■ What the task asks
Every line from the one with "Este colunista Abelhudo" through the end of the entries below must be retyped exactly, and only those lines. The pictures are not part of the copy.

─── Records supplied ───

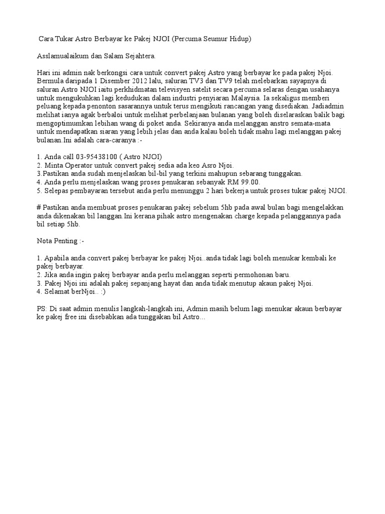 Baca panduan cara tukar package sebagai contoh, untuk mengurangkan kelajuan, kerana pakej astro mahal atau meningkatkan. Pakej njoi ini adalah pakej sepanjang hayat dan anda tidak menutup akaun pakej njoi. Documents similar to cara tukar astro berbayar ke pakej njoi. Macam mana nak tukar pakej astro downgrade/upgrade? Senarai pakej internet rumah terbaik untuk rujukan kita yang tinggal di malaysia.
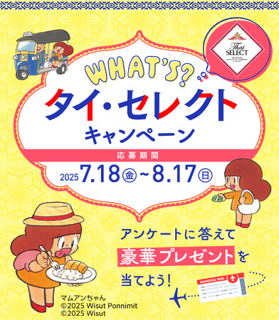 【WHAT’S タイ・セレクト キャンペーン】旅行券50,000円分や最新ナノケアドライヤー、マムアンちゃんグッズやタイ・セレクト食品が抽選で当たる!
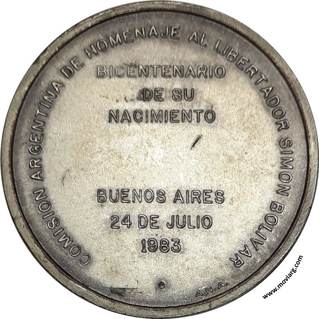 Colección MDS Anverso: SIMON / BOLIVAR / 1783 - 1983. Firma: PIANA BS. AS. / E. BUCCIReverso: COMISION ARGENTINA DE HOMENAJE AL LIBERTADOR SIMON BOLIVAR / BICENTENARIO / DE SU / NACIMIENTO / BUENOS AIRES / 24 DE JULIO / 1983. Firma: A.N.A. Referencia: | |
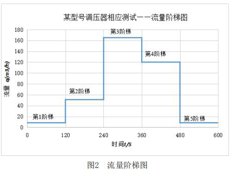 該測試主要利用實(shí)驗(yàn)室測試條件,模擬客戶現(xiàn)場使用情況。其主要測試內(nèi)容包括:測試分體式電磁流量計在+23℃,-30℃和-40℃三種溫度下,分體式電磁流量計出口壓力分別在2.1kPa和30kPa時,流量分別從*1階梯到*5階梯時的響應(yīng)速度,客戶所提供的流量階梯如圖2所示。橫軸表示下游球閥開啟動作時間,縱軸表示分體式電磁流量計下游需要的流量q。
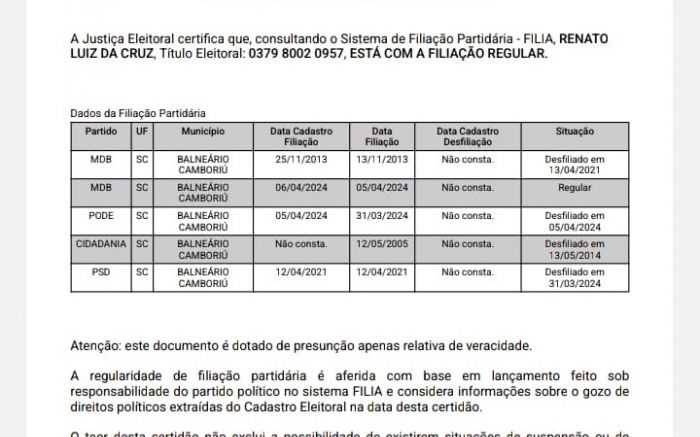 Este colunista Abelhudo e Zarolho, recebeu certidão de filiações partidárias do pré-candidato a vice pelo MDB de Dubai brasileiro, o presidente do Camboriú Futebol Clube, Renato Cruz.
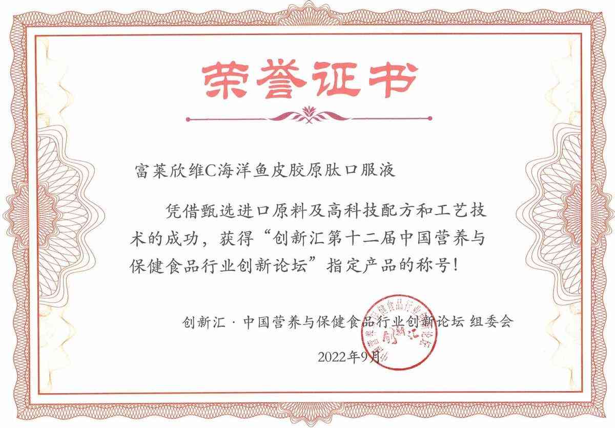 其中,近年来市场热销的富莱欣维生素C海洋鱼皮胶原肽口服液备受广大消费者推崇。凭借甄选进口原料及高科技配方和工艺技术的成功,获得“创新汇第十二届中国营养与保健食品行业创新论坛”指定产品的称号!
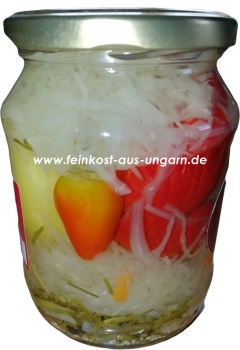 Apfelpaprika gefüllt mit Kraut pikant, in essigsaurem Aufguss! ungarisches Erzeugnis Noszlopi Apfelpaprika „scharf“ mit Krautgefüllt 690g Zutaten: Apfelpaprika,GelbeRüben Salat,Krautsalat,Kirschpaprika,Wasser,Saueressig. Rübenzucker,Salz,Gewürze Allergene: Senfkorn,Weinschwefel,Kümmel Abtropfgewicht: 430g Füllmenge: 690g/720ml Nährwerte: Laut Hersteller ist der Betrieb gemäß Anhang V der LMIV von der Nährwertkennzeichnung befreit. Hersteller: VE-KON-BO´99 Kft., Dózsa György u. 1, 8456 Noszlop, Ungarn Importeur/Vertrieb: Feinkost-aus-Ungarn.de ® | MACK www.feinkost-aus-Ungarn.de
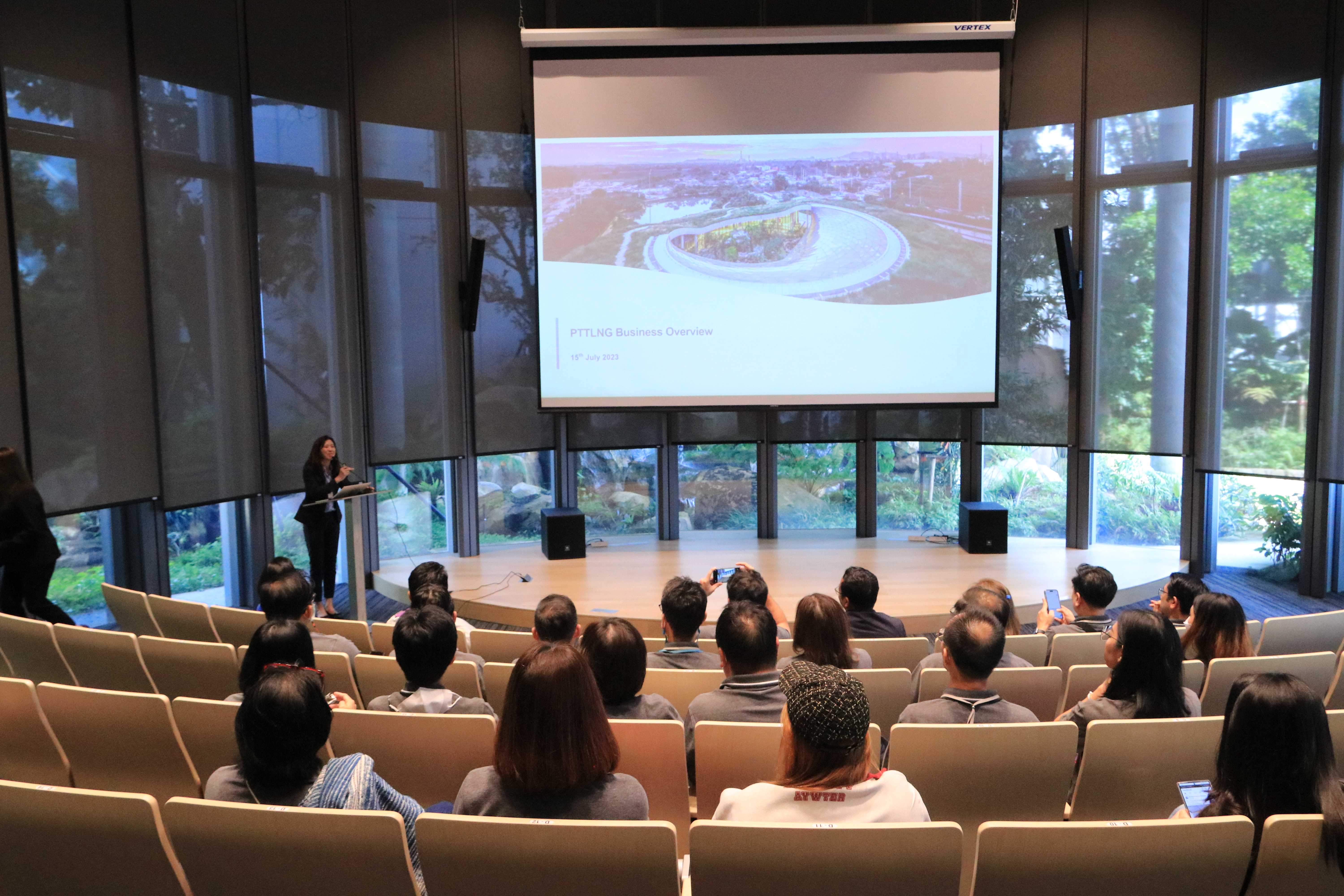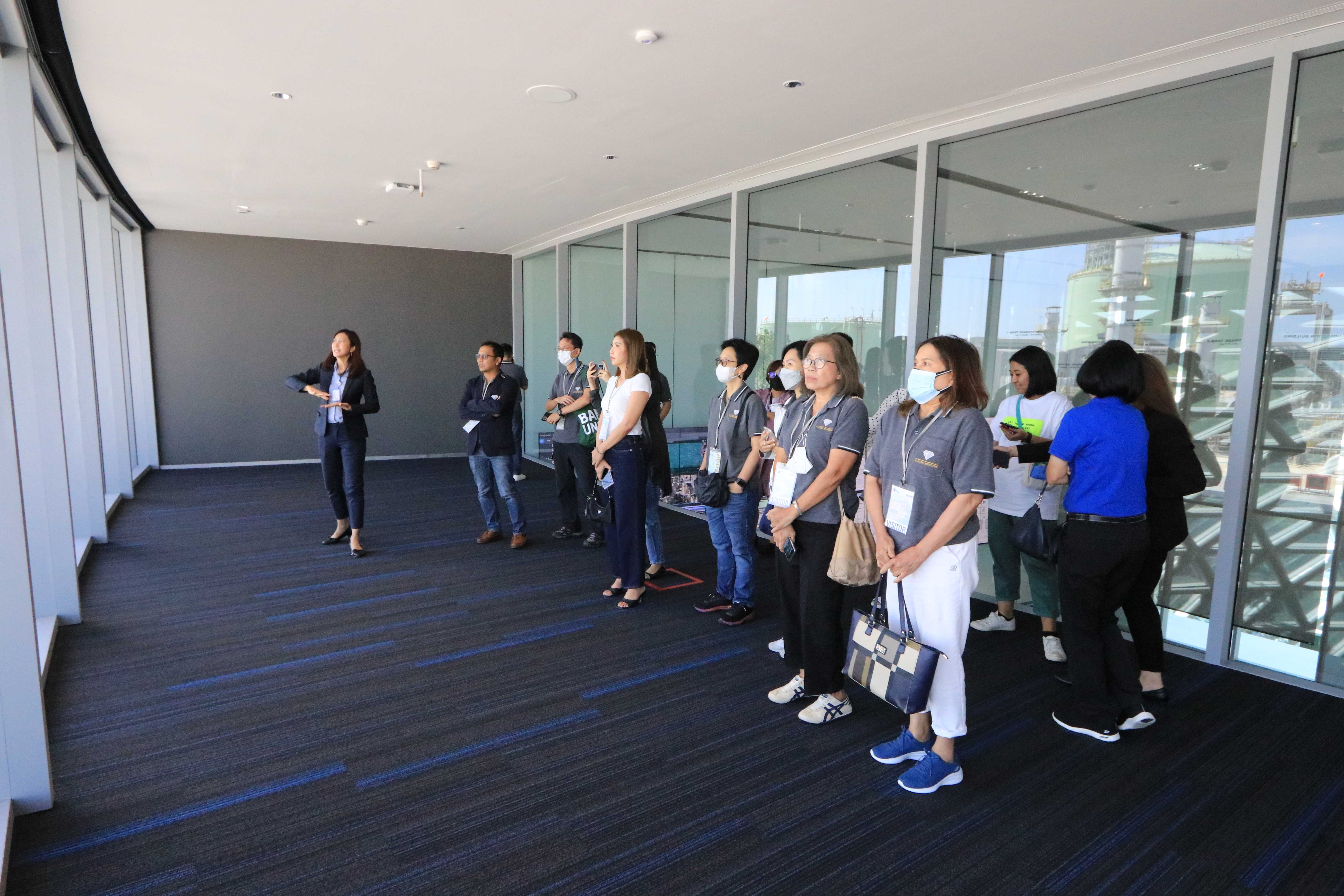 วันที่ 15 กรกฎาคม 2566 เวลา 13.30 น. PTTLNG ให้การต้อนรับ สมาชิกสมาคมศิษย์เก่ามหาวิทยาลัยกรุงเทพ จำนวน 30 คน ในโอกาสเยี่ยมชม PTTLNG โดยคุณจุฑารัตน์ พิทักษ์วาทิน พนักงานมวลชนสัมพันธ์ ได้บรรยายสรุป“ภาพรวมการดำเนินธุรกิจ PTTLNG” ณ ห้องออดิทอเรียม สถานีแอลเอ็นจี มาบตาพุด แห่งที่ 2 หลังจากนั้น ได้เข้าเยี่ยมชมศูนย์ควบคุมการปฏิบัติการส่วนกลาง (Central Control Room) พร้อมทั้งเยี่ยมชมโครงการไม้เมืองหนาว ภายใน Climatic Dome อาคารนิทรรศน์พรรณพฤกษา ที่นำพลังงานความเย็น ก๊าซธรรมชาติเหลว (LNG) มาใช้ประโยชน์ กับระบบปรับอากาศ เสริมสร้างความรู้การศึกษาดูงานอาคาร นิทรรศน์พรรณพฤกษา ซึ่งเป็นอาคารประหยัดพลังงาน และนับเป็นหนึ่งในสถานที่ท่องเที่ยวสำคัญในพื้นที่จังหวัดระยอง

───

■ Expected answer
 Este colunista Abelhudo e Zarolho, recebeu certidão de filiações partidárias do pré-candidato a vice pelo MDB de Dubai brasileiro, o presidente do Camboriú Futebol Clube, Renato Cruz.
 其中,近年来市场热销的富莱欣维生素C海洋鱼皮胶原肽口服液备受广大消费者推崇。凭借甄选进口原料及高科技配方和工艺技术的成功,获得“创新汇第十二届中国营养与保健食品行业创新论坛”指定产品的称号!
 Apfelpaprika gefüllt mit Kraut pikant, in essigsaurem Aufguss! ungarisches Erzeugnis Noszlopi Apfelpaprika „scharf“ mit Krautgefüllt 690g Zutaten: Apfelpaprika,GelbeRüben Salat,Krautsalat,Kirschpaprika,Wasser,Saueressig. Rübenzucker,Salz,Gewürze Allergene: Senfkorn,Weinschwefel,Kümmel Abtropfgewicht: 430g Füllmenge: 690g/720ml Nährwerte: Laut Hersteller ist der Betrieb gemäß Anhang V der LMIV von der Nährwertkennzeichnung befreit. Hersteller: VE-KON-BO´99 Kft., Dózsa György u. 1, 8456 Noszlop, Ungarn Importeur/Vertrieb: Feinkost-aus-Ungarn.de ® | MACK www.feinkost-aus-Ungarn.de
 วันที่ 15 กรกฎาคม 2566 เวลา 13.30 น. PTTLNG ให้การต้อนรับ สมาชิกสมาคมศิษย์เก่ามหาวิทยาลัยกรุงเทพ จำนวน 30 คน ในโอกาสเยี่ยมชม PTTLNG โดยคุณจุฑารัตน์ พิทักษ์วาทิน พนักงานมวลชนสัมพันธ์ ได้บรรยายสรุป“ภาพรวมการดำเนินธุรกิจ PTTLNG” ณ ห้องออดิทอเรียม สถานีแอลเอ็นจี มาบตาพุด แห่งที่ 2 หลังจากนั้น ได้เข้าเยี่ยมชมศูนย์ควบคุมการปฏิบัติการส่วนกลาง (Central Control Room) พร้อมทั้งเยี่ยมชมโครงการไม้เมืองหนาว ภายใน Climatic Dome อาคารนิทรรศน์พรรณพฤกษา ที่นำพลังงานความเย็น ก๊าซธรรมชาติเหลว (LNG) มาใช้ประโยชน์ กับระบบปรับอากาศ เสริมสร้างความรู้การศึกษาดูงานอาคาร นิทรรศน์พรรณพฤกษา ซึ่งเป็นอาคารประหยัดพลังงาน และนับเป็นหนึ่งในสถานที่ท่องเที่ยวสำคัญในพื้นที่จังหวัดระยอง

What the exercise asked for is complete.